LeetCode 391 - Perfect Rectangle

This problem asks whether a collection of smaller axis-aligned rectangles perfectly forms one larger rectangle, with no gaps and no overlaps.

LeetCode Problem 391

Difficulty: 🔴 Hard
Topics: Array, Hash Table, Math, Geometry, Sweep Line

Solution

Problem Understanding

This problem asks whether a collection of smaller axis-aligned rectangles perfectly forms one larger rectangle, with no gaps and no overlaps.

Each rectangle is represented as:

[xi, yi, ai, bi]

where:

  • (xi, yi) is the bottom-left corner
  • (ai, bi) is the top-right corner

Because the rectangles are axis-aligned, their sides are parallel to the x-axis and y-axis.

The task is to determine whether all rectangles together create one exact rectangular region. That means:

  1. Every point inside the final bounding rectangle must be covered.
  2. No point may be covered more than once.
  3. There must not be any holes or missing regions.
  4. The union of all rectangles must itself be a rectangle.

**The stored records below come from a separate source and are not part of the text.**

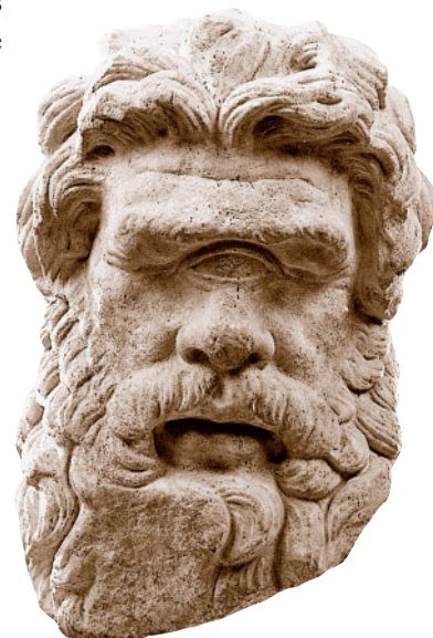
▲ This is a marble sculpture of Polyphemus, a cyclops, or one-eyed monster, who appears in another of Homer's epics, the Odyssey .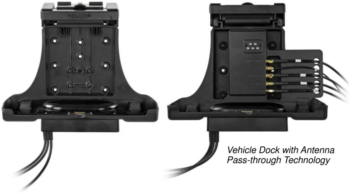
Vehicle Dock with Antenna Pass-through Technology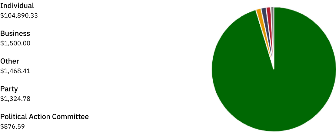
Contributions made to committee for 2024

See how the committee has spent money, and what kind of goods and services it received as in-kind contributions.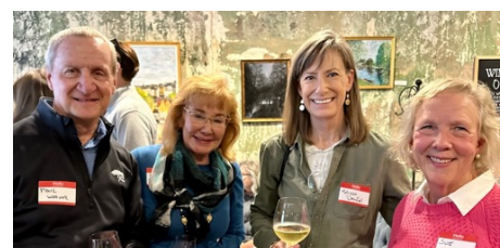
New Neighbor Mixer March 30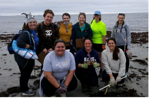
SNHU volunteers at Foss Beach in Rye, NH

A total of 72,565 items were collected, weighing 3,951 pounds .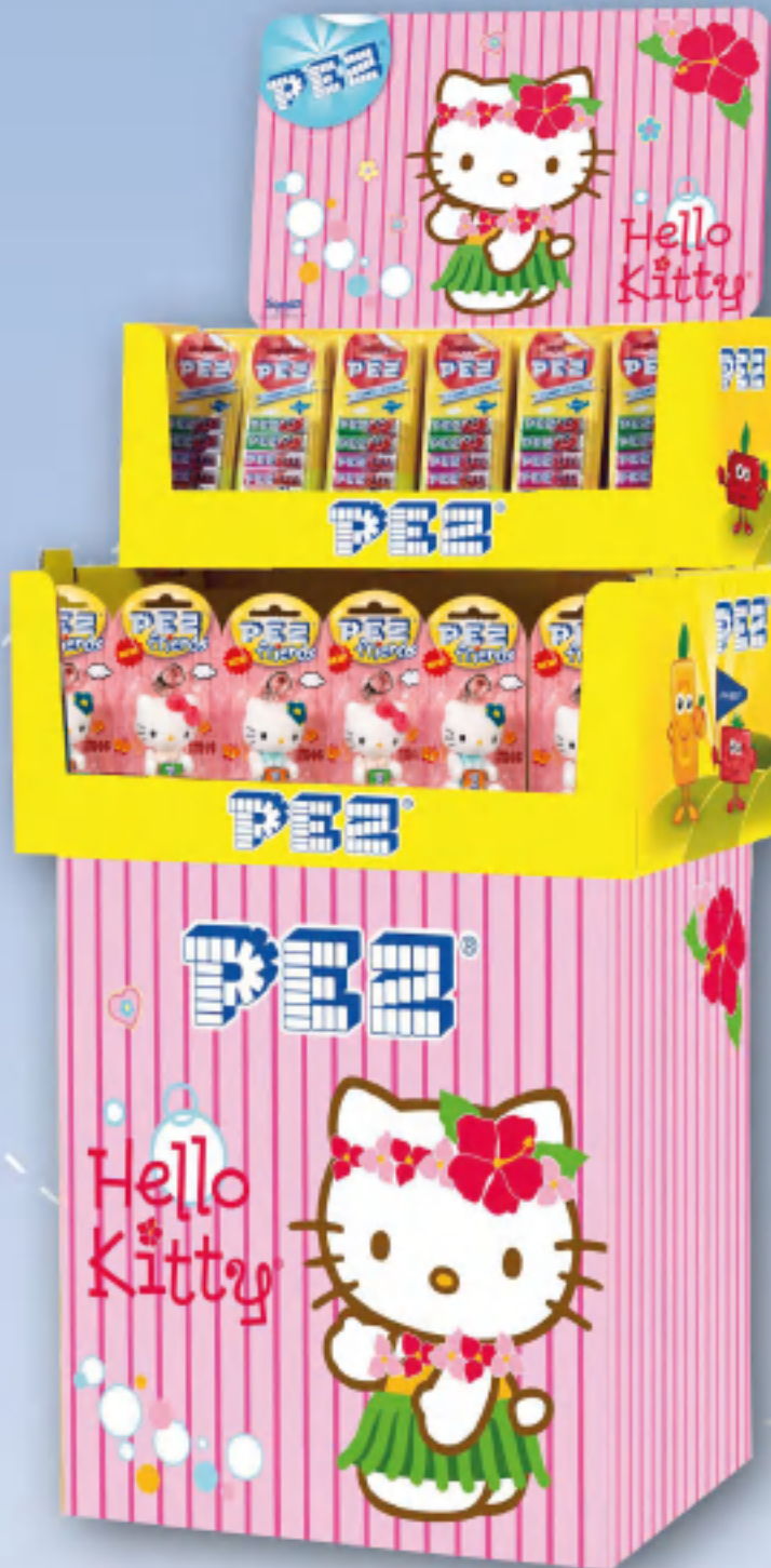
SINGLE STACK DISPLAY PEZ FRIENDS HELLO KITTY also available for Mickey Mouse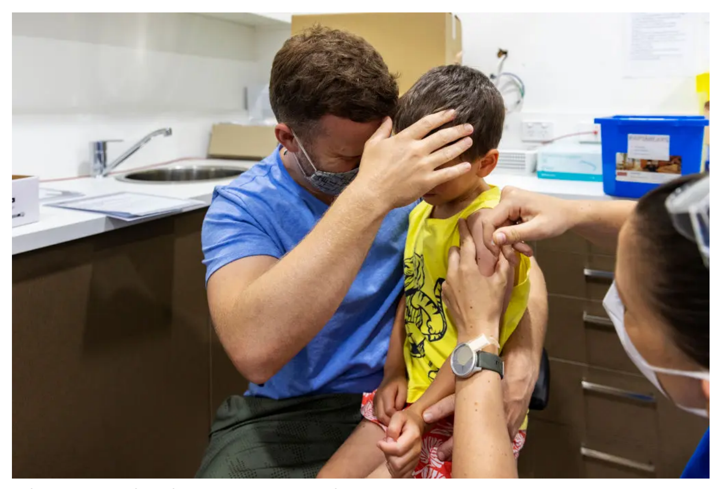
A father covers the face of his son as he receives a Pfizer COVID-19 vaccine in Balgowlah in Sydney, Australia, on Jan. 11, 2022.

The input size can be as large as 2 * 10^4 rectangles, so any solution that tries to examine individual unit cells or simulate geometry on a grid is infeasible. Coordinates may also be as large as 10^5 in magnitude, which means coordinate compression or brute-force rasterization would still be too expensive.

The important edge cases include:

  • Rectangles that overlap partially
  • Rectangles that leave tiny gaps
  • Rectangles that touch only at edges or corners
  • Duplicate rectangles
  • A single rectangle, which should return true
  • Complex arrangements where area matches but geometry is still invalid

A naive implementation might only compare total area, but equal area alone is not enough. Two overlapping rectangles can still produce the correct total area if another region is missing. Similarly, checking only boundary coordinates is insufficient because internal overlaps or holes may still exist.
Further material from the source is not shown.